During World War II, the Germans developed and tested a penetrator called the Roeschling Round, and the Allied Forces developed and tested several versions of a very large Semi-Armor Piercing (SAP) weapon. However, the technology of penetration mechanics was in its infancy.
Large, high velocity kinetic energy penetrators are used as munitions, weapons, and vehicles to carry instrumentation or other apparatus. As such, they are typically delivered by aircraft, missiles, or cannon into the ground, a body of water, or a man-made structure, hereafter referred to as the target. These types of penetrators usually carry a payload of instrumentation or high explosive and must survive the violent actions that accompany impact and sudden deceleration, all the while protecting and preserving the payload. Examples are penetrators built to attack buried military targets surrounded by thick concrete ceilings and walls, or penetrators built to carry instrumentation to measure the geologic character of the earth or properties of arctic ice as they pass through it.
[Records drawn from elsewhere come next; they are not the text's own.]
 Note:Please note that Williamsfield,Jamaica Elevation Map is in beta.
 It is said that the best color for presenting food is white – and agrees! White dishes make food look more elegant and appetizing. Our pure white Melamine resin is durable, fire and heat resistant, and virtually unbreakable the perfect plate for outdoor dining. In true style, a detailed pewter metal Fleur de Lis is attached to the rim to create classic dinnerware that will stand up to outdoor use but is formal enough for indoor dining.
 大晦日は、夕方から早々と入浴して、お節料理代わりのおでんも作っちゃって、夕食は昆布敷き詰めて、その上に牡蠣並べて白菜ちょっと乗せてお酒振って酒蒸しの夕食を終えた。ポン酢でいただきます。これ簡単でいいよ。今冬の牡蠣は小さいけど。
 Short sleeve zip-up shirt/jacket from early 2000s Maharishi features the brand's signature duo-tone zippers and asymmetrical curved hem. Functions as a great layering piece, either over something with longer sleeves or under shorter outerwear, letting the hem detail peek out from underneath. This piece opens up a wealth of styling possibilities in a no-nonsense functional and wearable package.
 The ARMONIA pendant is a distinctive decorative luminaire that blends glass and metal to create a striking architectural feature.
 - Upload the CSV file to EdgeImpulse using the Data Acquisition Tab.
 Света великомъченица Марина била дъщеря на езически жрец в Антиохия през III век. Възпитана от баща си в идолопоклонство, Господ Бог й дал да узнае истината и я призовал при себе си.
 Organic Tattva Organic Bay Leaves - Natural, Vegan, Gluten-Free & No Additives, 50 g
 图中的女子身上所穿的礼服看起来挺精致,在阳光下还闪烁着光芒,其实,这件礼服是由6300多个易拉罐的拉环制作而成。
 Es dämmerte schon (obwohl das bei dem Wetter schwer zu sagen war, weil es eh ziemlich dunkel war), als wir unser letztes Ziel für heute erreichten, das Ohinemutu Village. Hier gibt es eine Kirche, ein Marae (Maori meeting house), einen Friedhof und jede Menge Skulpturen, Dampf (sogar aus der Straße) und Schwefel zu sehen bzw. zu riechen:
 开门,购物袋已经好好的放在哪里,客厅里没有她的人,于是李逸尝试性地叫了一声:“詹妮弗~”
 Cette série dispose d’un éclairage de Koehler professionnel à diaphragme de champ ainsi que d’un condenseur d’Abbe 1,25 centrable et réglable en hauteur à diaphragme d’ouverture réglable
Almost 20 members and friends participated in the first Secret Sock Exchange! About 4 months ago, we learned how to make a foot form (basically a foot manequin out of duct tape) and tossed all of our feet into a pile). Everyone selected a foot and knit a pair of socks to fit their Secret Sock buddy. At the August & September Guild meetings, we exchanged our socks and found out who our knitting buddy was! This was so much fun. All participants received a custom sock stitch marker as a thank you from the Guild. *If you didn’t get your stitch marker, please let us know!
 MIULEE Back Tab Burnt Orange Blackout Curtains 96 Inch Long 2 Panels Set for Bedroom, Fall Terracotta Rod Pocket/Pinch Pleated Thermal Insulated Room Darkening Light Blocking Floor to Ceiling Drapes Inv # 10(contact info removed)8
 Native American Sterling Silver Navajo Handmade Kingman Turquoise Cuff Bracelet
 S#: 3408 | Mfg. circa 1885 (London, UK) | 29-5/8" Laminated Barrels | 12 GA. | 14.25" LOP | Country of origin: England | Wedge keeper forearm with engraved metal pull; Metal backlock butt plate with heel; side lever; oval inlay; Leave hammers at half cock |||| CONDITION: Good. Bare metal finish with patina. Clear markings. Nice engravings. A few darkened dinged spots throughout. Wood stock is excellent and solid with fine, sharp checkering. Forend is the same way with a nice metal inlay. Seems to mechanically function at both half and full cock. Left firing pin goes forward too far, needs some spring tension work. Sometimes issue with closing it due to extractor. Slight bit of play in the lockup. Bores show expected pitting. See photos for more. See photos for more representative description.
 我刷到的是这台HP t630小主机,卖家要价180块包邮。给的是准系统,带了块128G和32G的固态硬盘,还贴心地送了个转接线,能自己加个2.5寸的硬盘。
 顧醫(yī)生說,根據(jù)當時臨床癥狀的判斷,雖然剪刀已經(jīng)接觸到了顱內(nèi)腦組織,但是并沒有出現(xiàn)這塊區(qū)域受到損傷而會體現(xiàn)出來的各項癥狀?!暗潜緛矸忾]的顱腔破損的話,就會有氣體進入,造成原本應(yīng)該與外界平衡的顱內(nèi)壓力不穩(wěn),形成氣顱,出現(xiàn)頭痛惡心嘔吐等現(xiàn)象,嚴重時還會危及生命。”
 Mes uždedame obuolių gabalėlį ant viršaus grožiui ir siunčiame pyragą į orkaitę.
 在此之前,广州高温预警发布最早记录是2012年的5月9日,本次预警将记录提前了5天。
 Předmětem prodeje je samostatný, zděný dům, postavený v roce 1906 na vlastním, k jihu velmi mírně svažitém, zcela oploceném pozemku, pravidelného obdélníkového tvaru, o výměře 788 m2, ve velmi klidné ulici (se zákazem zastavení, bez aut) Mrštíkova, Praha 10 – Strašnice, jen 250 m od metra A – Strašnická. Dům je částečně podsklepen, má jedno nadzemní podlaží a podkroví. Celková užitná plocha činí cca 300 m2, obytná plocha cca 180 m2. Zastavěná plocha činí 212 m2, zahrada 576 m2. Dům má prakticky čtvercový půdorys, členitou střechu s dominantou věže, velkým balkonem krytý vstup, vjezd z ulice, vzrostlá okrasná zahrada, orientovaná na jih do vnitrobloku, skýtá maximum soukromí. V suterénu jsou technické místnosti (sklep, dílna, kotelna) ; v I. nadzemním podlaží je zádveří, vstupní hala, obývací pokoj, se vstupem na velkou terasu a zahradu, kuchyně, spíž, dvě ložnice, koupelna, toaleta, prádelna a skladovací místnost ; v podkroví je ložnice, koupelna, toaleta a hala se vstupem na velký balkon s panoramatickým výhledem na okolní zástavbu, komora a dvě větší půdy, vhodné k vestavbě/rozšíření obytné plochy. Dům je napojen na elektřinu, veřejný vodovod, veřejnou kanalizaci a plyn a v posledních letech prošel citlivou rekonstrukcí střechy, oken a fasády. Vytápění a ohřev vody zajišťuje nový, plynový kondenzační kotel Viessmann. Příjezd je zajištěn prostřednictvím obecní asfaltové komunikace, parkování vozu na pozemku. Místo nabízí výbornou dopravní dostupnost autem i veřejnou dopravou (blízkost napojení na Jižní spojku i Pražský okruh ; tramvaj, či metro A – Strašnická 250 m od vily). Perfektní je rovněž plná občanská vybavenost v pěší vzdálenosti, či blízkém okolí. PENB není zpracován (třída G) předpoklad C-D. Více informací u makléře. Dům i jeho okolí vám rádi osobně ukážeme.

A penetrator can be subjected to both high positive and negative longitudinal acceleration forces, as well as rotational acceleration forces, during its brief flight. The device may be subjected to a positive acceleration on the order of 5000 g during launch by a missile or gun, and it may be subjected to a negative acceleration on the order of 20,000 g upon impact with a hardened target. Because of these loads, it is preferable that the case be a monolithic construction, i.e., formed from a single piece of hard material such as a high-strength steel alloy. The use of monolithic construction eliminates failures of joints and fasteners that are possible in multi-part cases. An example of a monolithic penetrator currently in use as an anti-tank weapon is the class of sub-caliber solid tungsten "spears" or "darts" that are conveyed by a sabot during gun launching.
Penetrators have been used successfully at low velocities against hard targets such as competent rock and concrete, or at high velocities against soft targets such as soil. Designing penetrators that can penetrate deeply and survive the impact with hard targets at velocities in excess of 2000 feet per second (ft/s) has been found to be particularly difficult, especially for sizes larger than the small prototypes used in indoor laboratory testing. Penetrators can impact the ground and survive at velocities up to and exceeding 4000 ft/s. High velocity impacts with hard targets can cause severe nose abrasion, bending, and frequent breakage. Penetration depth is reduced in hard targets. Also, the high deceleration forces that accompany impact can damage the payload.
Penetration of hard targets is achieved by concentrating a high amount of kinetic energy (KE) on a small area to create a very high stress. Use of heavy metal penetrators, such as tungsten (which has a density about twice that of steel) allows the KE to be doubled while keeping the outer dimensions of the penetrator constant, thereby penetrating the target to a much greater depth. These penetrators are typically pointed bodies fabricated in the shape of a "spear" or a "dart", often with guiding fins, from sintered tungsten or liquid-phase sintered W--Ni--Fe alloys. These "dart" type penetrators are typically sub-caliber and require the use of a sabot holder during gun launch.
Sandia first began its earth penetration program (which was later named "terradynamics") in 1960, with the objective of developing the technology to permit the design of a nuclear earth penetrating weapon (EPW). The combination of greatly enhanced groundshock due to coupling, and reduced radioactive fallout made a nuclear EPW very attractive. By the mid 1960's the feasibility of such a weapon had been demonstrated, and a significant experimental data base had been developed.
Defeat of hard and deeply buried targets continues to be of great interest due to the ever-increasing challenge of destroying enemy assets housed either in tunnels or in deeply buried bunkers. Hardening techniques include construction of facilities, many of which are deep underground with multiple layers of reinforced concrete, rock rubble, and/or earth overburden. Other hardened targets include operations within caves, tunnels, and mountains built using rapidly improving construction equipment exported by allies and adversaries on a large scale. Examples include enemy command and control facilities, air defense facilities, facilities for the production, storage, and deployment of weapons including weapons of mass destruction, surface to surface missile launch sites, aircraft storage sites, artillery sites.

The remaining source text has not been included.